Holiday stories’ deeper meanings
By Laura Seymour

seymourforweb2The Jewish year is filled with markers — some we celebrate, some we commemorate. The rhythm of Jewish life flows through the holidays especially. As the Jewish educator of the Aaron Family JCC’s Sherry and Ken Goldberg Family Early Childhood Center, I get to celebrate and commemorate again and again as I move from classroom to classroom.
Purim has passed — what a great holiday. Too often, we focus on the costumes and the food — hamantaschen certainly is a wonderful part of the holiday. However, there is so much more.
In preparation for Purim, I spent two weeks telling the story to toddlers through our seniors and many groups in between. Of course, there are parts of the story that we don’t tell the children (sex and intrigue wait until we get older, and we are never too old for sex and intrigue). However, as well as telling the stories, we must always talk about deeper meanings even with little ones.

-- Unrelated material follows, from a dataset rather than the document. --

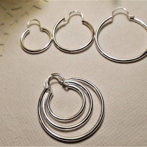 Mix & M 2/$25 Nwot Stamped 925 Sterling Silver Hoop earrings in 14mm minimalist

Today, the news is filled with stories about bullies, and bullying is certainly not new nor confined to the young. The Purim story is a perfect story to talk about standing up for yourself and, especially, for others. We focus on the important value of ometz lev, usually translated as courage. But the actual words mean strength of heart.
Courage is about knowing what is right in your heart and acting on it, even (or especially) if you are afraid. Being brave does not mean you have no fear, it means you have conquered your fear. Esther didn’t say yes to Mordecai right away — she had to gather strength and make a plan.
The rhythm of our Jewish life moves quickly into Passover. We begin preparing immediately, it seems, as the hamantaschen leaves the store shelves and the matzah takes its place. Again, we have the message of courage, along with many others. Planning for Passover is more than the cleaning and the food. It is about telling the story and learning the messages.
Leave the grocery store and go to the bookstore — find a new Haggadah, read the book of Exodus, get “America’s Prophet” by Bruce Feiler on your iPad or phone. Create a new tradition for learning at your Passover seder.
As Jews, we are believers in story and memory and through both we form our lives and our new memories. Keep the story going.
Laura Seymour is director of Jewish life and learning and director of camping services at the Aaron Family Jewish Community Center.